背後のリンへと視線を向ける。無表情。それ以外に指し示す言葉が無かった。もっとも会った時からそうだったのでそれほど気にしなかった。
「怪我とかしてない?」
「うん。朝比は?」
朝比は鼻血が出ていることをすっかり忘れてしまっていた。当然と言えば当然だが、まるで脚から血を流しているかのように錯覚してしまうほどの量の鼻血が付着していた。転科前に制服をクリーニングに出さなければいけなくなってしまった。
「これ怒られるかな?」
「分からない。それより」
リンが真っ直ぐ朝比の目を見て「お疲れ様、朝比」と今まで見せなかったとびっきりの笑顔を見せてくれた。

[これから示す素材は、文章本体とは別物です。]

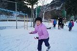 登校してきた子どもたちは、さっそく運動場で雪合戦でした。今日の雪は、パウダース
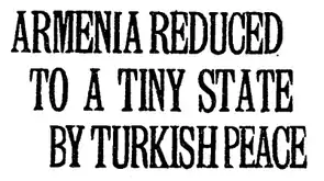 The Turks, headquartered in Alexandropol, presented the Armenians with an ultimatum which they eventually accepted. They followed it with a more radical demand which threatened the existence of Armenia as a viable entity. The Armenians at first rejected this demand, but when Karabekir's forces continued to advance, they had little choice but to capitulate.[40] On November 18, 1920, they concluded a cease-fire agreement.[1] During the invasion, mass atrocities against Armenian civilians in Kars and Alexandropol were alleged, including rape and massacre of civilians.[12][13][14]
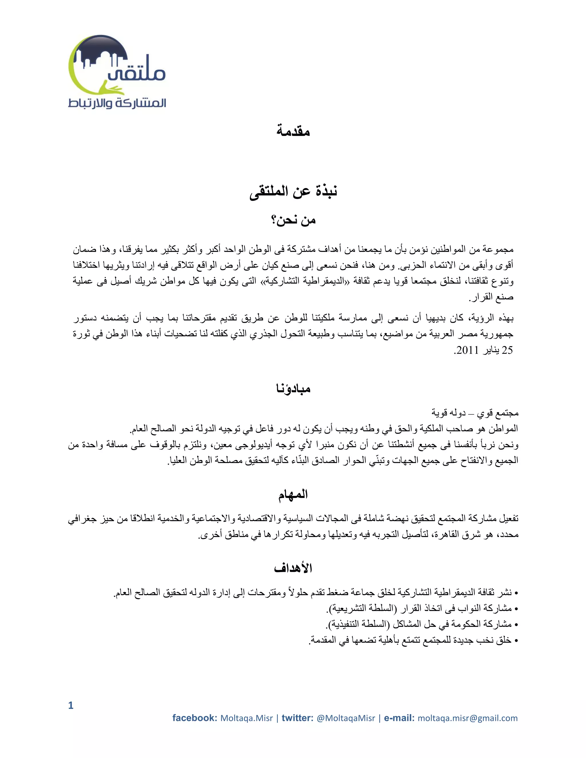 تهدف الوثيقة إلى تعزيز ثقافة الديمقراطية التشاركية في مصر من خلال مشاركة المواطنين في صناعة القرار وتشجيع مقترحات دستورية جديدة تواكب التحولات التي شهدتها البلاد بعد ثورة 25 يناير. تسعى المجموعة إلى بناء مجتمع قوي يستطيع توجيه الدولة نحو الصالح العام، من خلال تفعيل مشاركة المجتمع في المجالات السياسية والاقتصادية والاجتماعية. تم اقتراح مجموعة من المواضيع الدستورية المهمة التي تتعلق بالحقوق الأساسية والواجبات العامة، بالإضافة إلى تنظيم مواضيع الحكم المحلي وتوزيع الصلاحيات.
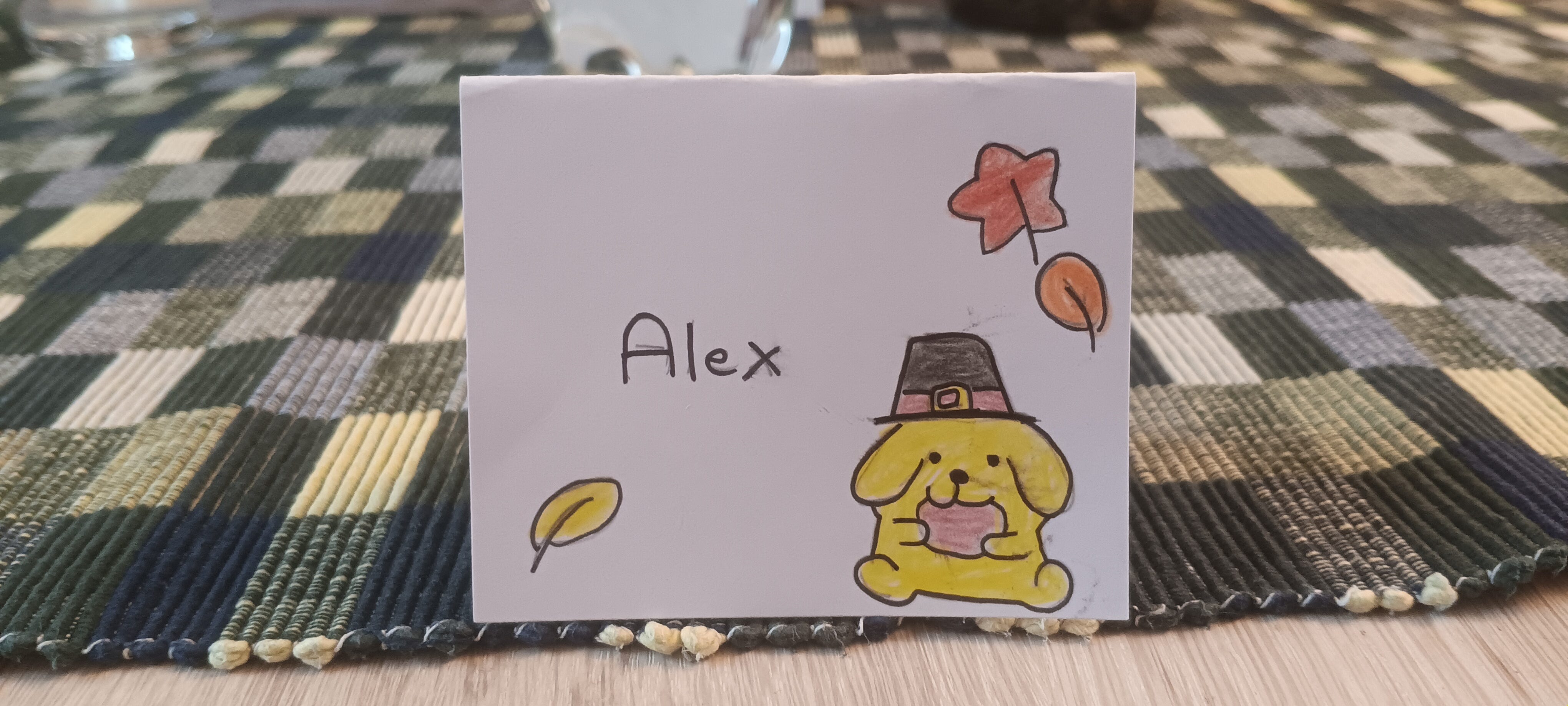 We had two Thanksgivings — one at our place, with Cornish game hens (which we have been serving for years, because they are much easier to prepare than an entire turkey and yet are still somewhat novel, and because we find it amusing that they are neither Cornish, nor game, nor hens), and one at the house of some friends (obviously other expats). The child of our friends made adorable place cards for everyone:
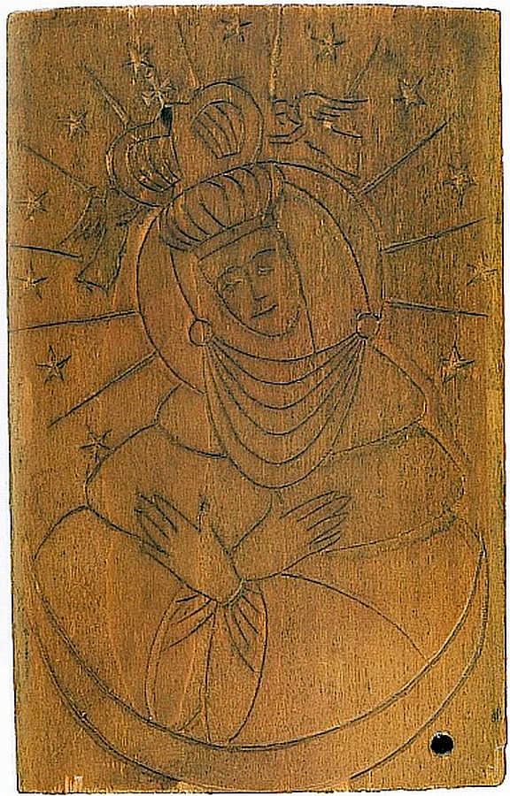 Wcześniej jednakże, 28.ii.1940 r., w dniu urodzin syna, Henryk Witold Gorzechowski, plastyk, malarz i rysownik, wręczył mu niewielką (14.8×9.4 cm) płaskorzeźbę - w wyciętym z pryczy kawałku deseczki - Matki Bożej. Wizerunek nawiązywał do Matki Bożej Ostrobramskiej (o czym świadczą złożone na piersi ręce Madonny). Koronę podtrzymywały aniołki. Miał ręce też wyrytą datę powstania…
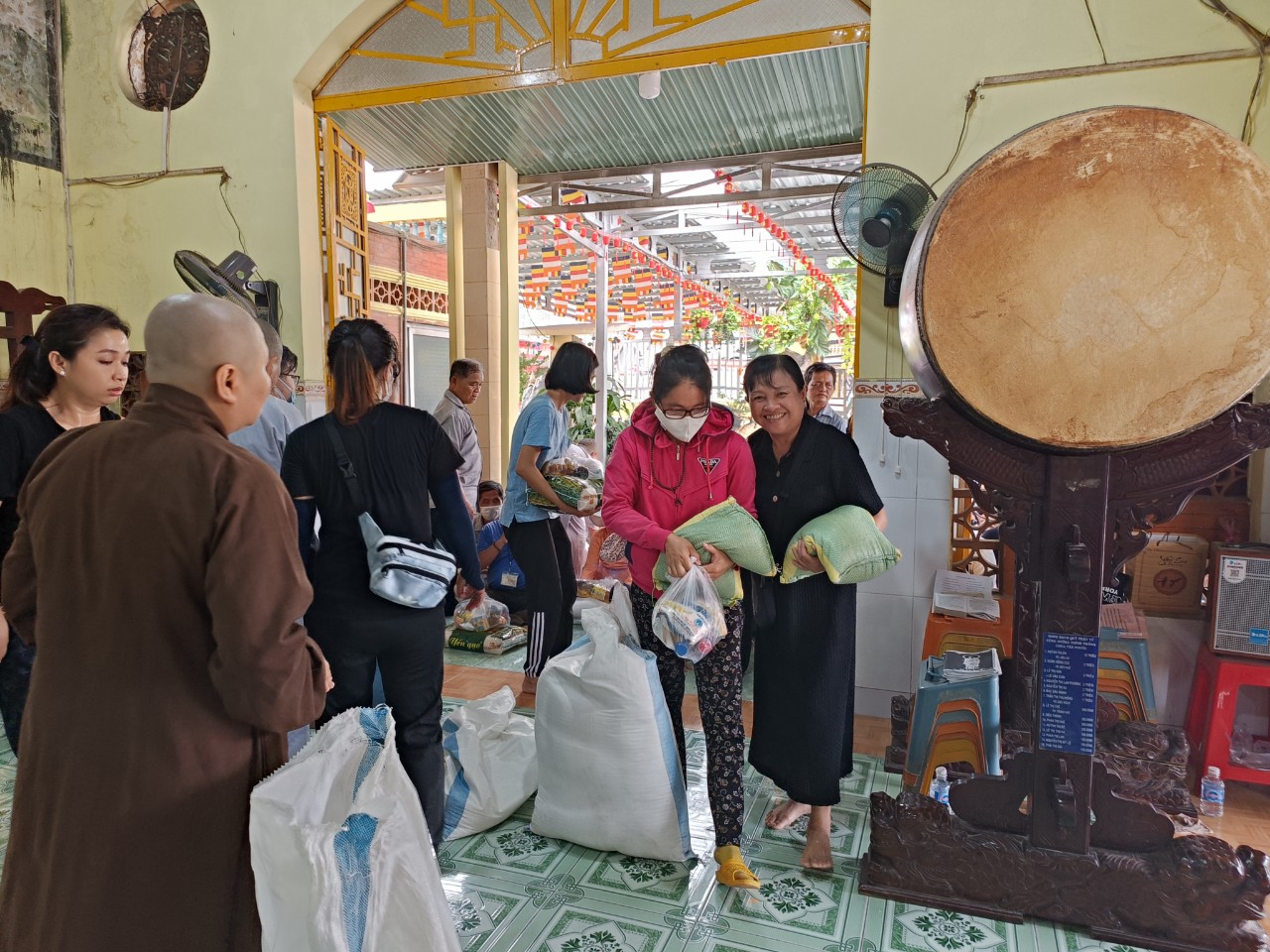Mỗi phần quà trị giá 400 ngàn đồng, ngoài các phần quà tặng bao gồm các vật phẩm thiết yếu như gạo, dầu ăn, nước tương và một số thực phẩm khác… còn có phần tịnh tài là 100 ngàn đồng được trao tận tay đến mọi người với tổng kinh phí là 48.000.000 đồng.

朝比は返答しようと口を開けた瞬間、昇天した。と言うより機構人のデータや操縦方法の全てが一気に頭に流れ込み、その後の死闘で張り詰めた空気と緊張の反動で気絶してしまったのだ。
機体はパイロットが意識を失ったからか、光り輝き消えてしまった。
朝比達は一番近くにあった連絡船の残骸にワープする形で降り立った。最も朝比は気絶してしまっているためリンの膝枕で眠ってしまっている子どもの様になってしまっていた。